Tuesday, July 19, 2005

Karl Marx is the greatest



Karl Marx is the greatest philosopher, according to a poll conducted by the BBC. Some 34,000 listeners cast votes after hearing advocates for the various candidates, with Marx pulling in almost 28% of votes, more than twice as many as runner-up David Hume. Rounding out the top ten were Ludwig Wittgenstein, Friedrich Nietzsche, Plato, Immanuel Kant, St. Thomas Aquinas, Socrates, Aristotle, and Karl Popper. The result is bound to confirm the belief of right-wingers that the BBC and its listeners are a bunch of unreconstructed Bolsheviks, just as Tommy Douglas's victory in the Greatest Canadian contest confirmed their worst suspicions about the CBC and its listeners.

Although trying to judge who is the single "greatest" person in any field of endeavour (even hockey) is a mug's game, certainly Marx and Hume rank high on my list of great intellectuals.
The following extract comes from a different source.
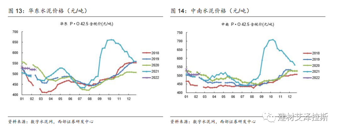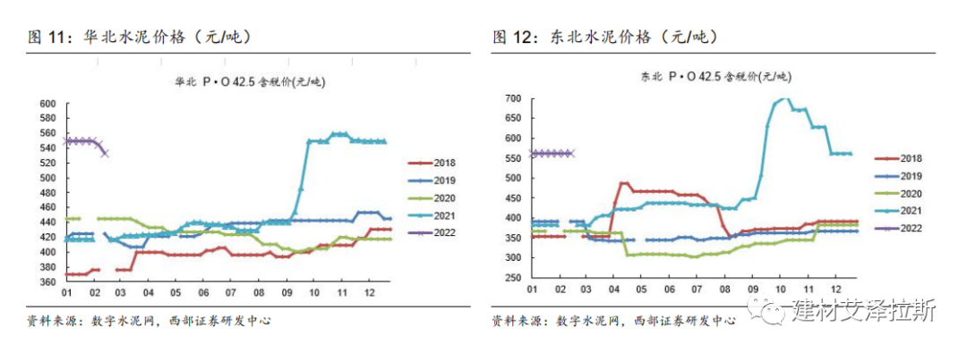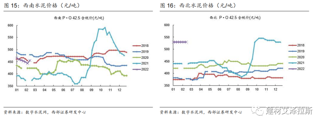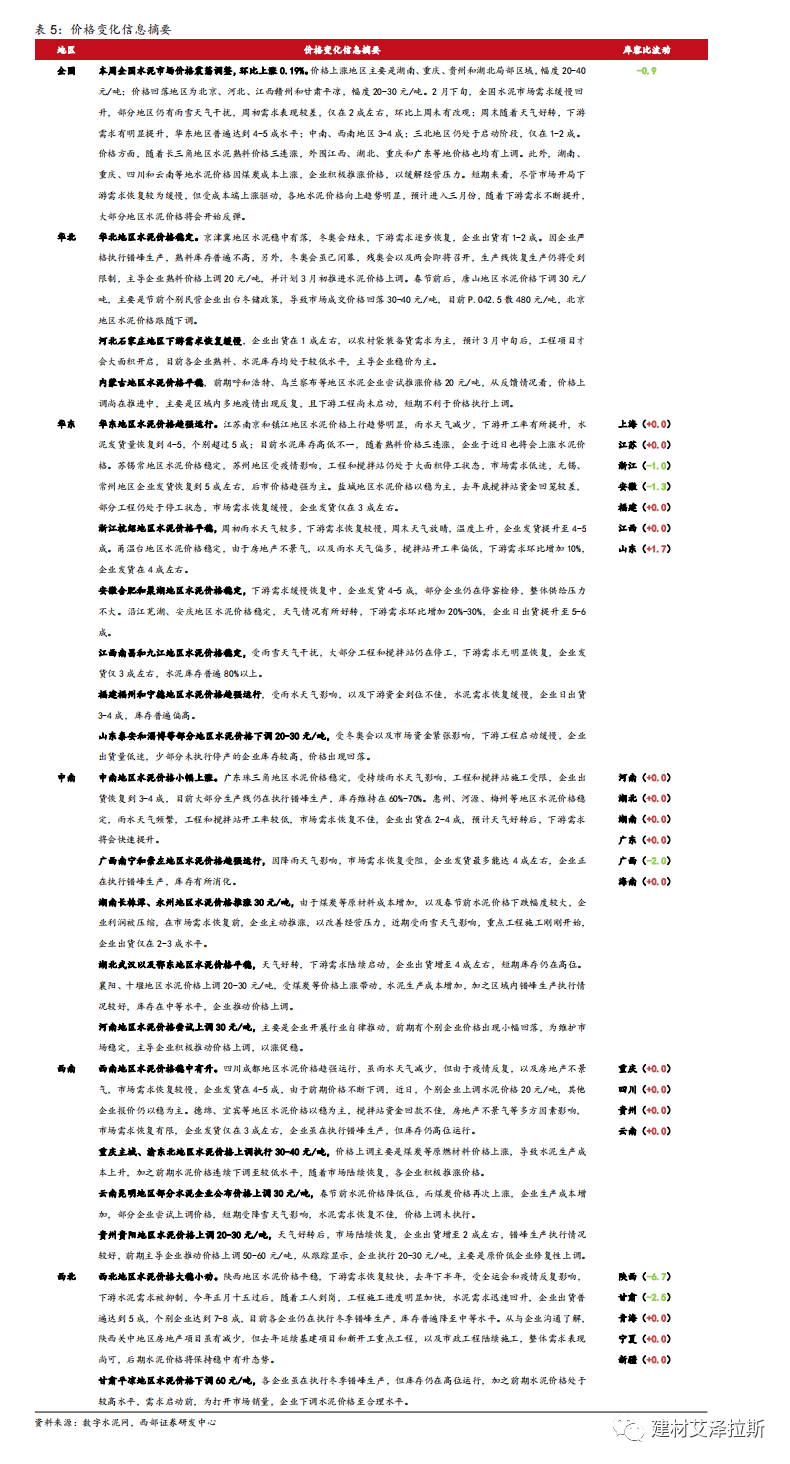 本周全国水泥市场价格震荡调整,环比上涨0.19%。价格上涨地区主要是湖南、重庆、贵州和湖北局部区域,幅度20-40元/吨;价格回落地区为北京、河北、江西赣州和甘肃平凉,幅度20-30元/吨。2月下旬,全国水泥市场需求缓慢回升,部分地区仍有雨雪天气干扰,周初需求表现较差,仅在2成左右,环比上周未有改观;周末随着天气好转,下游需求有明显提升,华东地区普遍达到4-5成水平;中南、西南地区3-4成;三北地区仍处于启动阶段,仅在1-2成。价格方面,随着长三角地区水泥熟料价格三连涨,外围江西、湖北、重庆和广东等地价格也均有上调。此外,湖南、重庆、四川和云南等地水泥价格因煤炭成本上涨,企业积极推涨价格,以缓解经营压力。短期来看,尽管市场开局下游需求恢复较为缓慢,但受成本端上涨驱动,各地水泥价格向上趋势明显,预计进入三月份,随着下游需求不断提升,大部分地区水泥价格将会开始反弹。

Many would say that Hume was a philosopher's philosopher, in a way that Marx wasn't--and Marx no doubt would have agreed. As he famously wrote: "Philosophers have only interpreted the world, in various ways; the point, however, is to change it." Marx is often viewed primarily as an economist and political activist, though he is at the same time very much a social and political philosopher. Karl Popper, who decried what he saw as the totalitarian implications of the thought of Plato and Marx, nevertheless recognized the contribution Marx made to social science through emphasizing the importance of economic and technological factors in history. The prominent economic historian Robert Heilbroner (1919-2005), who was both sympathetic to and critical of Marx, wrote that Marx's model of the capitalist economy "displayed extraordinary predictive capacity" and that, despite its limitations, Marx's analysis "remains the gravest, most penetrating examination the capitalist system has ever undergone." (Surely there is something to be said for an economist who, in discussing the distinction between productive and unproductive labour, speaks of Milton producing Paradise Lost "as a silkworm produces silk, by expressing his nature through his activity.") As for Marx's general theory of historical development, which asserts that economic structures survive or fall as they promote or hinder the development of society's productive powers, this was corroborated (i.e., lent support) by the collapse of the Soviet Union, was it not?

If I remember correctly, Karl Marx and David Hume have at least one academic distinction in common: they were both turned down when they applied for teaching positions at the University of Edinburgh.